Kate Chisholm

Bearing witness

Even the great Alan Bennett sounded out of synch with the times as he read from his new short story ‘The Shielding of Mrs Forbes’ for this week’s Book at Bedtime (Radio 4).

issue 20 August 2011

Even the great Alan Bennett sounded out of synch with the times as he read from his new short story ‘The Shielding of Mrs Forbes’ for this week’s Book at Bedtime (Radio 4).

Even the great Alan Bennett sounded out of synch with the times as he read from his new short story ‘The Shielding of Mrs Forbes’ for this week’s Book at Bedtime (Radio 4). His peculiarly English brand of wit, mordant, slightly sinister, a touch supercilious, grated on the nerves. No one else on radio can put together a character with such economy and yet such excruciating vividness. But in the light of the events of last week his characters sounded a bit jaded, a little worn out, too caricatured to gather us in as listeners.

What we needed instead, perhaps, was something more bracing and unexpected. Not 15 minutes in the company of the comforting but too knowing Bennett, but a new voice, coming straight from the heart of the communities most affected by what has happened.

Such an extraordinary shift has occurred in the social contract that it’s impossible to make valid immediate comment. All that can be done at the moment is to observe, to bear witness. But of course the panel on Any Questions (Radio 4) is deliberately primed to comment, opine, provoke. Perhaps when the programme began, more than 50 years ago, to comment was also to illumine. It’s possible. Politicians may then have had a broader understanding of their rightful place in the big scheme of things. No such luck now when so few of them have ever done anything else except breed political aspirations and dispense their own particular brand of socio-political wisdom.

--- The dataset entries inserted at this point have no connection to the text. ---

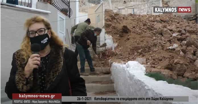 Σήμερα Τρίτη 26 Ιανουαρίου 2021 ο φακός  kalymnos-news.gr  κατέγραψε τις εικόνες από την κατεδάφιση του σπιτιού που είχε προχωρήσει συνεργείο του Δήμου.
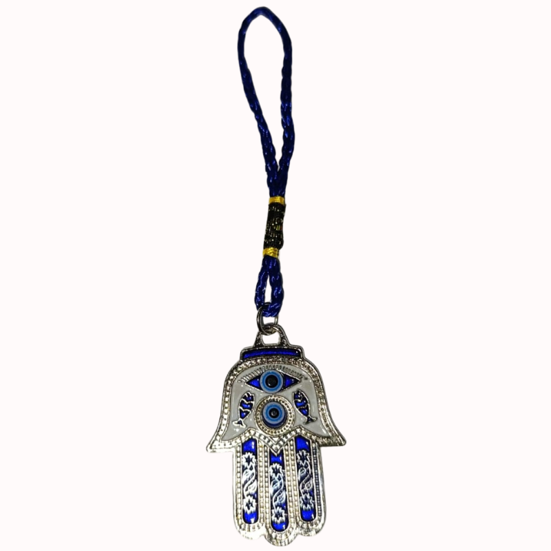 Añade un símbolo de paz y resguardo a tu día a día con este amuleto Hamsa de diseño tradicional. La pieza presenta un acabado plateado con elegantes detalles en esmalte azul y grabados de peces, símbolos de fertilidad y abundancia. En el centro, destaca el ojo turco protector, creando una pieza armoniosa que combina fe, tradición y un diseño artístico único.
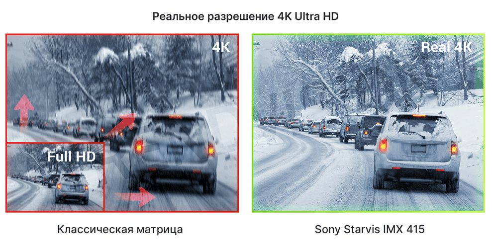 Аппарат оснащён матрицей SONY STARVIS IMX415 – одной из лучших на рынке авторегистраторов на 2023 год! Устройство снимает в реальном разрешении 4K Ultra HD, без интерполяции. Качество картинки достигает той степени, при которой днём и ночью, в дождь и солнце, аппарат не теряет ни единой детали происходящего на дороге – всегда четко видны номера машин, знаки дорожного движения и даже, в отдельных случаях, лица людей. При 2-канальной съёмке, разрешение становится 2К + Full HD.
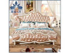 2813A#新中式纯手工精致雕刻进口橡木实木双人床1.8米床宜佳家居
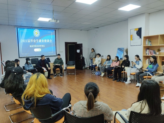 4月27日晚,经济管理系召开2021届毕业生就业座谈会,城南学院副院长朱广峰、经济管理系学工办主任周常国、部分国际经济与贸易专业和市场营销专业学生代表参加,座谈会由经济管理系就业专干田帅主持。

Friday night’s programme gave us the worst kind of panel, chaired as always by Jonathan Dimbleby. As Sayeeda Warsi, co-chairman of the Conservative party, and Harriet Harman, deputy leader of the Labour party, slugged it out over police numbers, the criminal justice system, standards of parenting, unemployment and the cruel game of chance and hope, their increasingly dogmatic exchanges were given extra fuel by the provocative journalist Peter Hitchens. Only Julia Unwin, who directs the Joseph Rowntree Foundation (a charity which ‘seeks to understand the root causes of social problems’), spoke with the calmness born of the realisation that what’s going on is far bigger than any of us can hope to understand, at least for a while until the embers have burnt themselves out.

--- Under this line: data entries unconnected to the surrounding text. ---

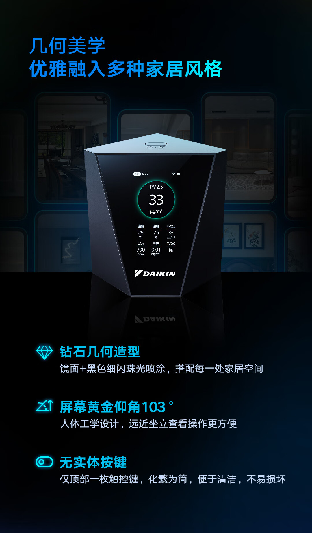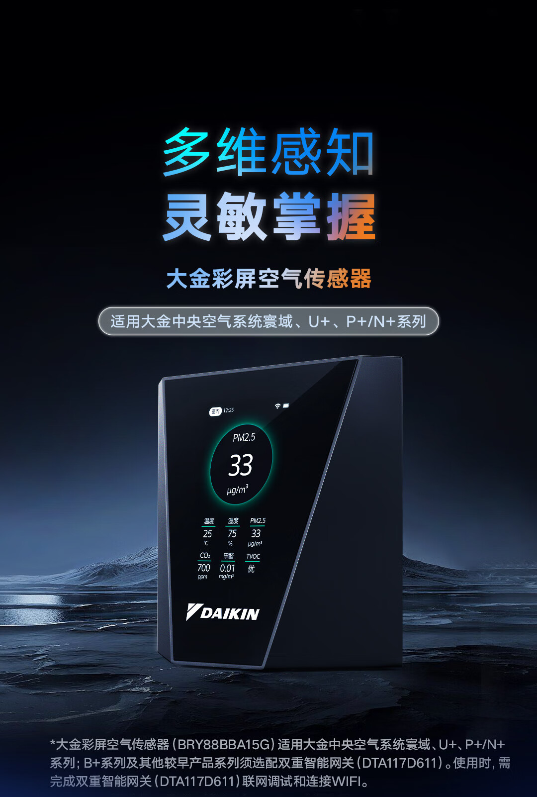 大金(DAIKIN)中央空调彩屏空气传感器家用多维室内空气质量实时监测手机APP智能控制 官方正品顺丰包邮
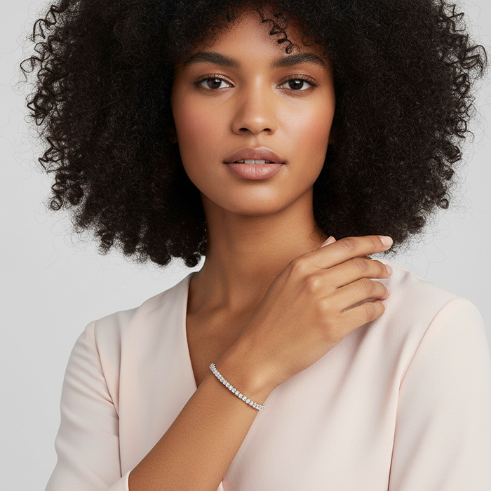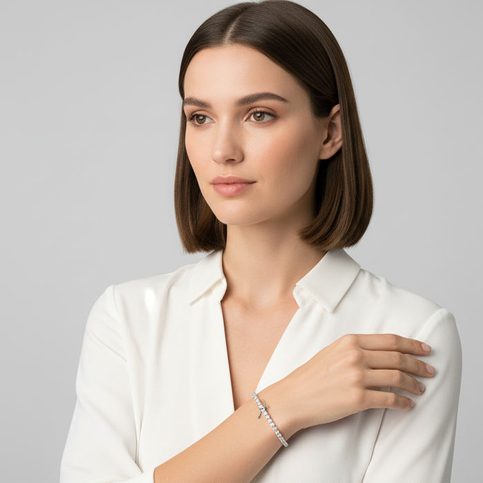 There’s nothing like capturing that ping of sparkle. Here’s that ping multiplied for a piece that’ll induce gasps for decades to come. Presenting, YOUR Silver Zircon Tennis Bracelet.
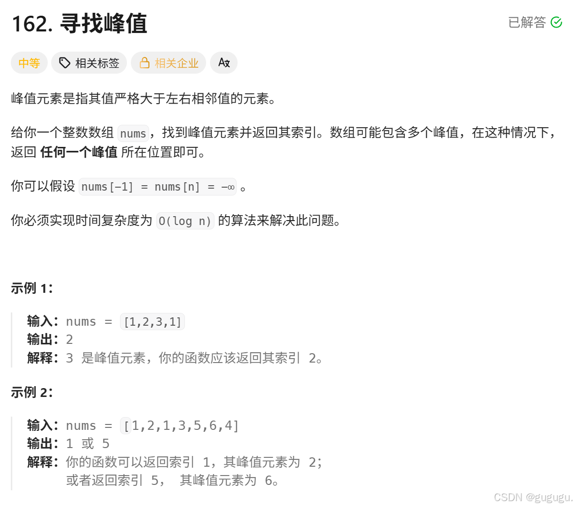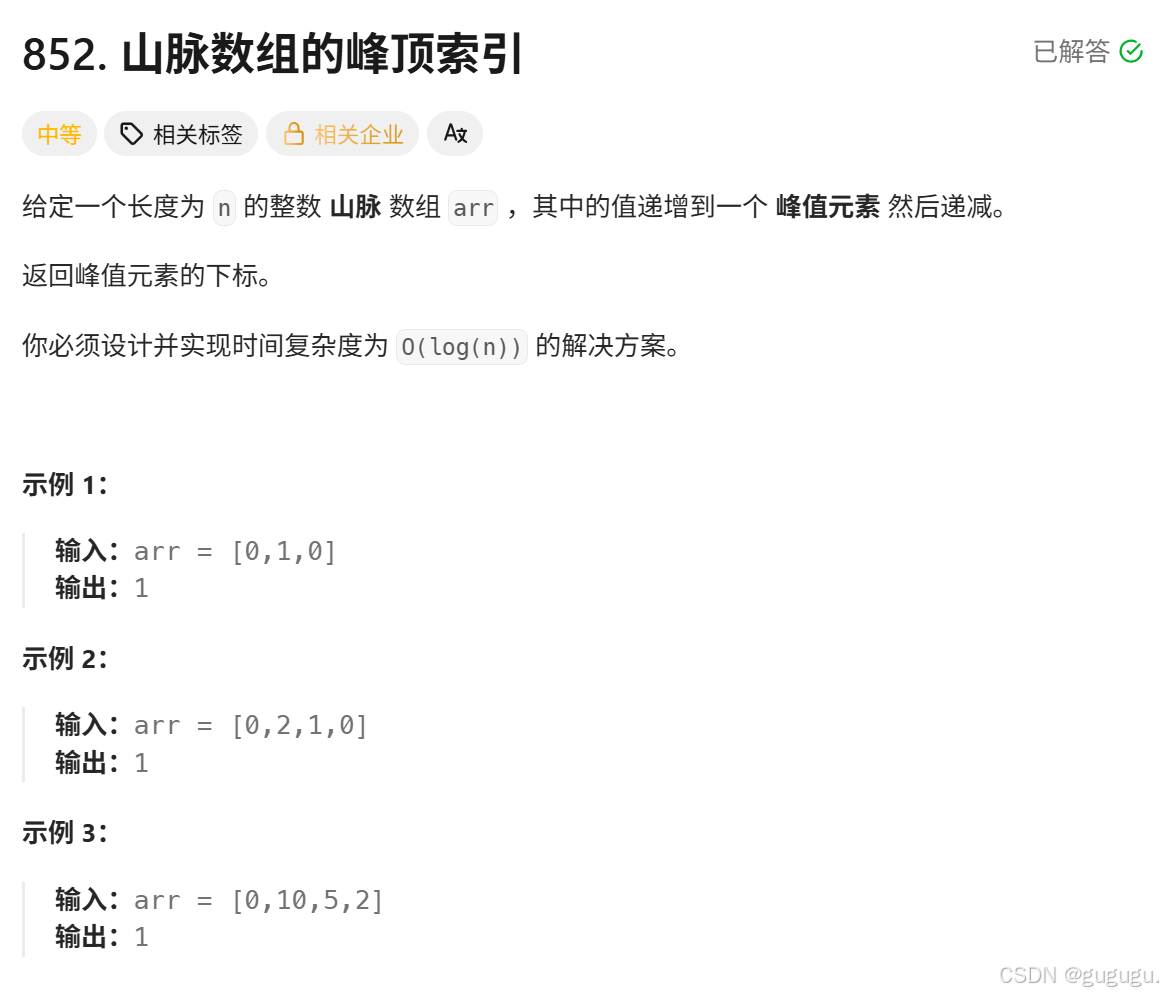 所以,我们可以对0和n - 1的位置的元素特殊判断一下,提前判断是不是山峰索引。

By some strange coincidence one of the questioners on that programme was Mrs Sentamu, whose husband the Archbishop of York had appeared the night before on the panel for the television version, Question Time, chaired by the other Dimbleby, David. It would have been intriguing if the Archbishop had been obliged to reply on air to his wife, who asked whether there is an underlying ‘moral deficit’ in our society, and whether this was the cause of last week’s public disorder.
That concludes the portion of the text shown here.